Our "forward looking" president, and the ruling class elites who have
presided over the destruction of our democracy demonstrate on a daily basis
the accountability-averse culture that has been a staple of American
political life for decades.
While the federal courts toss out suits by citizens demanding that their
right to privacy not be sacrificed to corporate looters and their police
state accomplices, the architects of torture and driftnet surveillance get a
free pass.
Newsweek reported January 29, that a
long-awaited report from the Justice Department's Office of Professional
Responsibility (OPR),
"clears the Bush administration lawyers who
authored the 'torture' memos of professional-misconduct allegations."

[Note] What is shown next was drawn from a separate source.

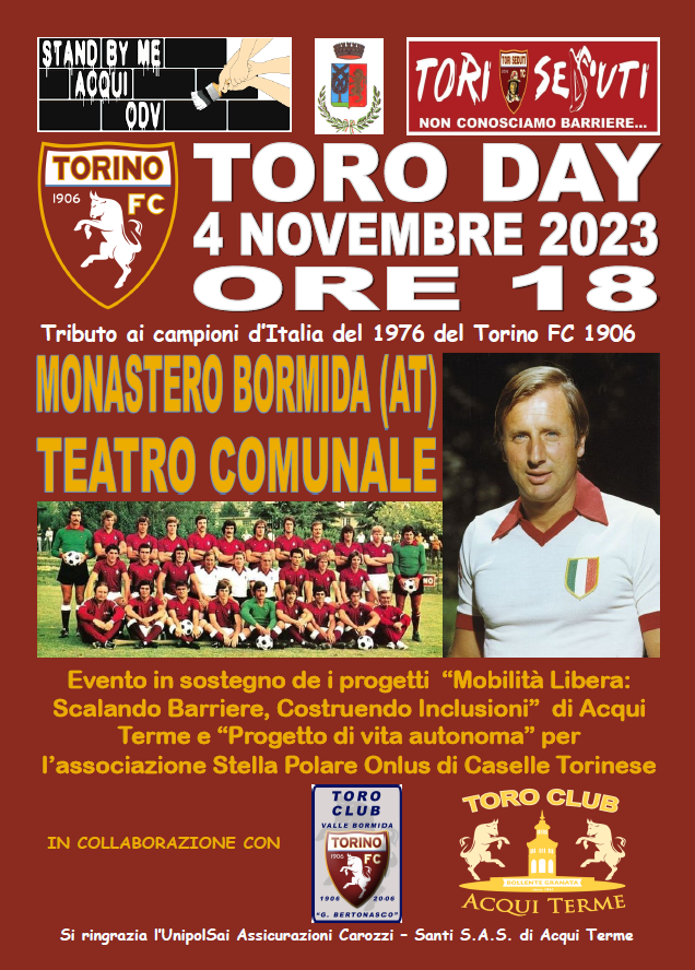 L’associazione "Stand by me Acqui ODV" di Acqui Terme assieme al comune di Monastero Bormida ha annunciato un evento particolare intitolato "Toro-Day" che permetterà ai tifosi granata di incontrare i Campioni d'Italia del Torino della stagione 1975/76. L'evento comincerà con la celebrazione di quella squadra rimasta nella storia del club granata e in seguito interverranno alcuni membri di spicco come Luciano Castellini, Nello Santin, Roberto Salvadori, Patrizio Sala, Renato Zaccarelli, Claudio Sala e Amos Ferrini, il figlio del mai dimenticato Giorgio. In seguito ci saranno i festeggiamenti e una cena benefica organizzata grazie anche al Toro Club Acqui Terme, il Toro Club Valle Bormida G. Bertonasco e infine anche il Toro Club Tori Seduti.
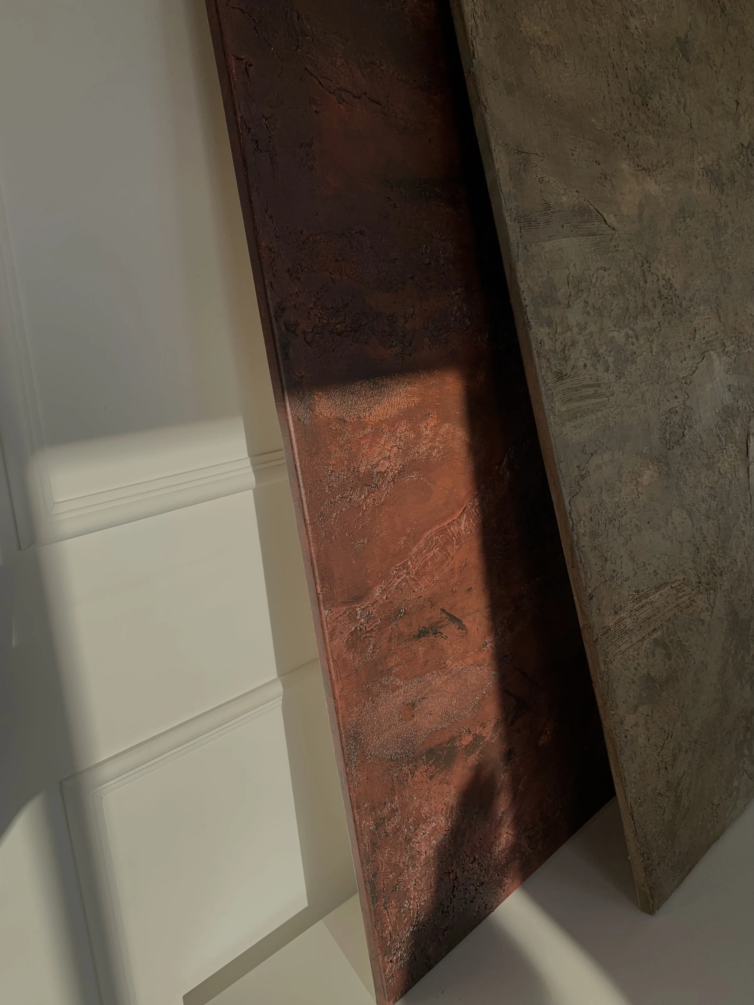 Mi trabajo explora la relación entre materia, luz y silencio visual. A través de superficies texturizadas y una paleta cromática contenida, investigo cómo la materia puede transmitir emoción sin recurrir a la figuración.

Leaving aside Newsweek's placement of quotation
marks around the word "torture," a practice fully in keeping with the
corporate media's consensus that such heinous practices have "kept us safe,"
Michael Isikoff and Daniel Klaidman write that while the probe "is sharply
critical" of the "legal reasoning" used to justify CIA and Pentagon crimes
however,
"a senior Justice official who did the final
review of the report softened an earlier OPR finding."
That earlier version had concluded that two of
the key authors of Bushist torture and surveillance policies, Federal
Appeals Court Judge Jay Bybee and University of California law professor
John Yoo,
"violated their professional obligations as
lawyers when they crafted a crucial 2002 memo approving the use of harsh
tactics."
"But the reviewer" Newsweek notes, "career veteran David Margolis,
downgraded that assessment to say they showed 'poor judgment'."
By downgrading OPR's original finding, the
Justice Department is no longer obligated to send a referral to state bar
associations,
"for potential disciplinary action - which,
in Bybee's case, could have led to an impeachment inquiry."
Despite the tortured reasoning of blind Obama
loyalists, Dick Cheney's "Unitary Executive" is alive and well.
After all, Plus ça change, plus c'est la même chose!